Почему же все-таки отказал двигатель? В чем причина? Конечно, завтра, через день, через месяц, как только поступит «добро» на полеты, они вновь уйдут на задание и вновь будут отдавать любимой работе все свои силы, знания, опыт, все свое летное мастерство, но все эти дни их неотступно будет преследовать тяжкий вопрос: «Почему?»
Посторонних не было. Только пилоты. Только те, кто собственной кровью, мозгом, сердцем прочувствовали безвозвратную утрату. Они не говорили о Гранине, но каждый думал о нем.
«Эх, Гриша, Гриша…»
Потом, когда немного поутихнет, поуляжется боль, они еще раз соберутся все вместе и будут говорить о нем, припоминать малейшие подробности, связанные с его жизнью, веселые и подчас курьезные, будут вспоминать его манеры, привычки, повадки, но сейчас, когда свежая рана еще кровоточила, никто не мог бы позволить себе говорить о Гранине как о человеке, которого уже нет в живых.
Это звучало бы как кощунство.
«Указ Президиума Верховного Совета СССР.
За героизм, проявленный при исполнении служебных обязанностей при испытании новой авиационной техники, летчику-испытателю Гранину Григорию Константиновичу присвоить звание Героя Советского Союза (посмертно)».

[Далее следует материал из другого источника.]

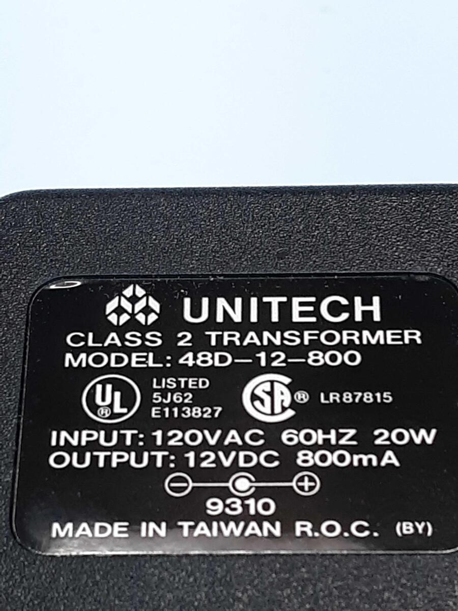 Unitech 48D-12-800 AC Power Adaptor Input 120VAC 20W, Output 12VDC 800mA

«Постановление горисполкома.
Переименовать улицу Заречную в улицу имени Героя Советского Союза Гранина Григория Константиновича».
ГЛАВА ДЕСЯТАЯ
На столах и скамейках, на полу и подоконниках — всюду куски металла, рваные, искореженные, оплавленные, — все, что осталось от самолета.
Какие-то люди, точно детективы, целыми днями копошились среди этого беспорядочного железного хлама, собранного на месте падения машины и доставленного в специально отведенную комнату летно-испытательной станции. Обломки разбирали и систематизировали по группам: то, что относилось к двигателю, — в одну кучу; что когда-то принадлежало кабине — в другую. И так далее. Комиссия работала с методичной настойчивостью, но было ясно, что эти жалкие останки ничего не скажут. Тайна погибла вместе с машиной…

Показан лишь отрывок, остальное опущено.